Now I’ve got a new baby to go with it. I’ve named him Ozzy.
I spent some time restringing it the other night, unwinding the thick, aged strings and fitting it with the new ones Sheldon provided. I broke one of the pegs though, so I had to skip one of the strings and drag my arse to Connor’s music for some supplies.
Halloween was memorable. I dressed up as the self-proclaimed Queen Of The Ocean, complete with seashell-esque breast coverings and a crown of blue coral. My coworkers got into the spirit too. Amber was a bunny — I pinned her tail on for her and managed to avoid a sexual harrassment lawsuit by NOT accidentally touching her ass. Watching her ears fall forward and nearly topple off her head was a source of great entertainment for me. Eliot was a sailor, which I thought fit quite nicely with my ocean theme. Andrea dressed up as a hippie, and I especially liked her peace sign necklace. Very groovy. Simon taped three black circles to the side of his apron (he elected to wear it, it wasn’t mandatory) and informed us he was a “Three-Hole-Punched Version Of Himself”. He gets bonus points for on-the-spot creativity. When Andrew and Jo showed up around 2, they were dressed as a beat-up detective and a coffee kitty, respectively. Their makeup was worth mentioning, too. Andrew had a fake black eye, a cut on his cheek, and his nose was fake-bleeding. Jo had an adorable black kitty-nose and whiskers, and I must mention the fluffiness of her cat ears. (So fluffy I could DIE!) Her apron proclaimed her to be some sort of coffee expert, and I never argue with apron proclamations.

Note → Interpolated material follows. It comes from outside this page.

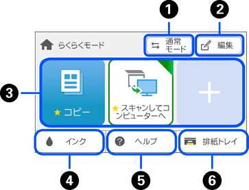 [ヘルプ]画面を表示します。困ったときの対処方法やプリンターの基本操作手順が確認できます。 また、プリンターが故障したときは、「お客様診断シート(3枚)」を印刷し、1枚目と2枚目に必要事項を記入してください。3枚目のノズルチェック結果と共にプリンターに添付すると、修理がスムーズです。 |

My favorite part was counting the number of older men I caught ogling my seashells. I didn’t quite fill them out as nicely as I wish, but I sure get points for trying. One man made a point of complimenting my earrings, probably so he could make it seem like he was focusing on something located above my chest. Liar.
It was a lot of fun, especially early in the morning when people in the drive-thru were trying to make sense of why the hell they’re being served by people dressed so strangely.
I served Cruella DeVil in the drive thru. Her hair was spectacular. Half black, half white, and stuck off in all directions. “HAVE YOU SEEN MY PUPPIES?!” she screamed before taking off in her minivan. Classic.
Oh, and a woman in her mid-forties showed up for coffee dressed as Psy. You probably know him from that damn Gangnam Style song that gets stuck in your head and refuses to quit. (HEEEEEEEYYYYYYYY, SEXY LADY.) She played the song on her phone and did Psy’s crazy dance for at least ten minutes. “I’ve got a Gangnam Style cappuccino for Psy on the bar,” I yelled when her drink was done. I couldn’t resist.
I have my doubts that next year will surpass this one… but we’ll see.
In other news: The countdown has begun! TWENTY-TWO DAYS REMAINING.